* **DATASET ENTRIES**:
####################
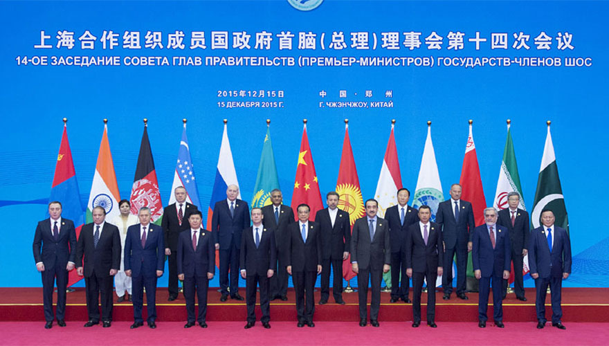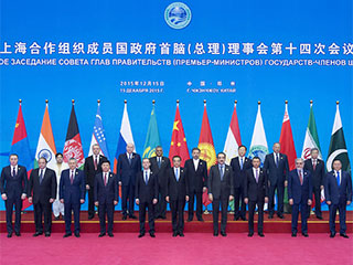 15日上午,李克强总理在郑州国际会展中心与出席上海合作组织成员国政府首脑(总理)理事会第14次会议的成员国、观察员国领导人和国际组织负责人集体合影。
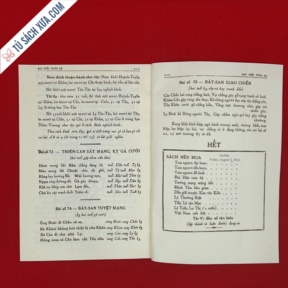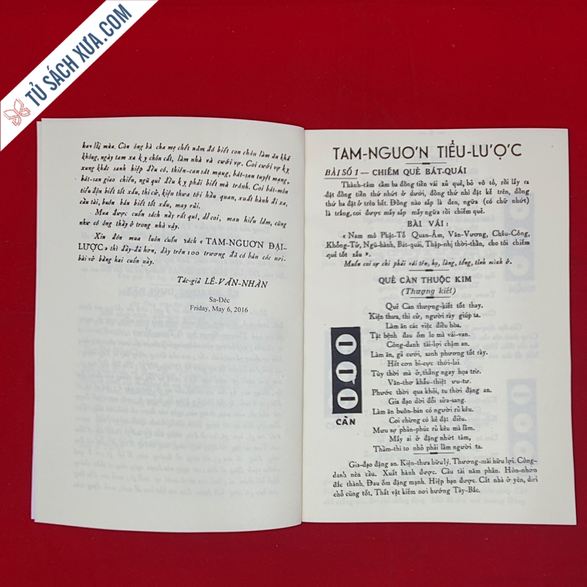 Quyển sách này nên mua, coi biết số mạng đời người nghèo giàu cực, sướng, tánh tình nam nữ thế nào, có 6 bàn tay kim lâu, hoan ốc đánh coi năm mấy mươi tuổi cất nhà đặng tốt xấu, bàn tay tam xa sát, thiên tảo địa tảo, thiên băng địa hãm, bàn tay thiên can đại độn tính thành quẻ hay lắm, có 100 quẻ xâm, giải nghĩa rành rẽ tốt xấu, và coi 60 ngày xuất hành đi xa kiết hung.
####################
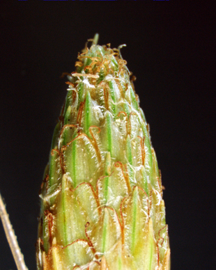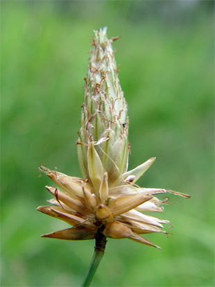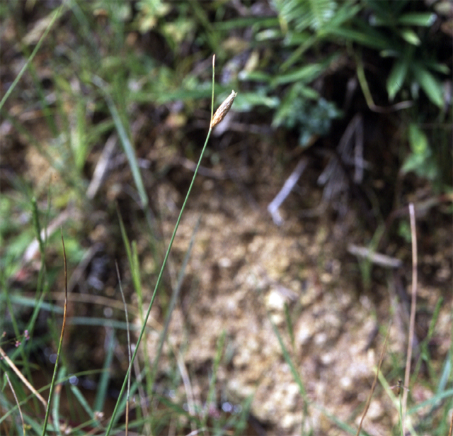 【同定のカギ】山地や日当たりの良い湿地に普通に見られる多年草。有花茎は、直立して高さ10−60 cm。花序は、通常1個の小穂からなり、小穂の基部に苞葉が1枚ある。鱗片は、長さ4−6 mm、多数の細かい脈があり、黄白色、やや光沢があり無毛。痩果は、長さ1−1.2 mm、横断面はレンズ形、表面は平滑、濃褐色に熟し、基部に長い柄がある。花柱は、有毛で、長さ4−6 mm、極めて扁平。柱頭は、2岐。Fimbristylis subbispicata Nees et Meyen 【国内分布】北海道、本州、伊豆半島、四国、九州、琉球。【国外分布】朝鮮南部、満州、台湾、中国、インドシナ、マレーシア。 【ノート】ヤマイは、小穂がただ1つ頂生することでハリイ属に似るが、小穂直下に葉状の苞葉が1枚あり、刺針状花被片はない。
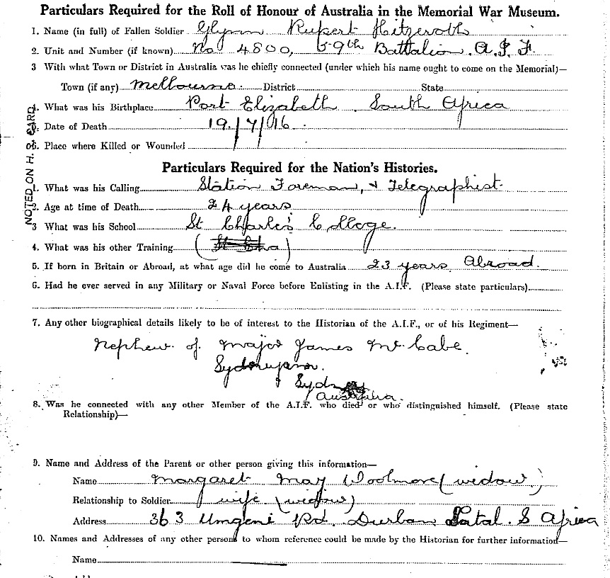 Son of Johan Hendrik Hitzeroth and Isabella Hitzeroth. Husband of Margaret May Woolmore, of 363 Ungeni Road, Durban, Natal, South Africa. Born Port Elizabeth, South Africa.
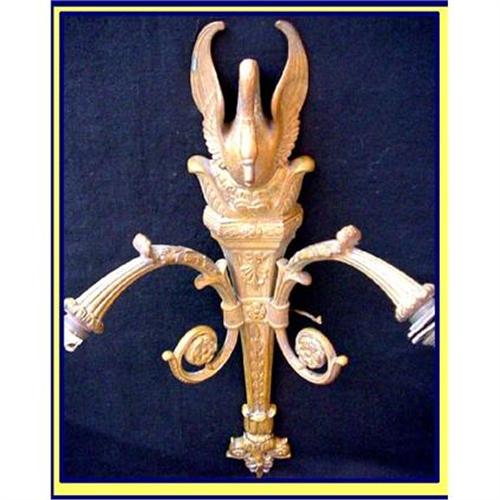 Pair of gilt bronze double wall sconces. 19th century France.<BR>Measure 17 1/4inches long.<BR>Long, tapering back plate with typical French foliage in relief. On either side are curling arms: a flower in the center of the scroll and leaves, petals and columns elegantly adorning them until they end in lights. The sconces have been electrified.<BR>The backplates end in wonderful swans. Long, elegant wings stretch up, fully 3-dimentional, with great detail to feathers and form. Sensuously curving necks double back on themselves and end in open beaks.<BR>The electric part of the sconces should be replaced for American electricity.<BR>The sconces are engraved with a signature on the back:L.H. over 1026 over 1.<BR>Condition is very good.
####################
* **EXERCISE REQUIREMENTS**:
Look back over the records above. Reproduce exactly everything from the line with "mm、極めて扁平。柱頭は、2岐。Fimbristylis subbispicata Nees" down to the line with "Pair of gilt", inclusive, and leave the pictures out.

* **ANSWER**:
 【同定のカギ】山地や日当たりの良い湿地に普通に見られる多年草。有花茎は、直立して高さ10−60 cm。花序は、通常1個の小穂からなり、小穂の基部に苞葉が1枚ある。鱗片は、長さ4−6 mm、多数の細かい脈があり、黄白色、やや光沢があり無毛。痩果は、長さ1−1.2 mm、横断面はレンズ形、表面は平滑、濃褐色に熟し、基部に長い柄がある。花柱は、有毛で、長さ4−6 mm、極めて扁平。柱頭は、2岐。Fimbristylis subbispicata Nees et Meyen 【国内分布】北海道、本州、伊豆半島、四国、九州、琉球。【国外分布】朝鮮南部、満州、台湾、中国、インドシナ、マレーシア。 【ノート】ヤマイは、小穂がただ1つ頂生することでハリイ属に似るが、小穂直下に葉状の苞葉が1枚あり、刺針状花被片はない。
 Son of Johan Hendrik Hitzeroth and Isabella Hitzeroth. Husband of Margaret May Woolmore, of 363 Ungeni Road, Durban, Natal, South Africa. Born Port Elizabeth, South Africa.
 Pair of gilt bronze double wall sconces. 19th century France.<BR>Measure 17 1/4inches long.<BR>Long, tapering back plate with typical French foliage in relief. On either side are curling arms: a flower in the center of the scroll and leaves, petals and columns elegantly adorning them until they end in lights. The sconces have been electrified.<BR>The backplates end in wonderful swans. Long, elegant wings stretch up, fully 3-dimentional, with great detail to feathers and form. Sensuously curving necks double back on themselves and end in open beaks.<BR>The electric part of the sconces should be replaced for American electricity.<BR>The sconces are engraved with a signature on the back:L.H. over 1026 over 1.<BR>Condition is very good.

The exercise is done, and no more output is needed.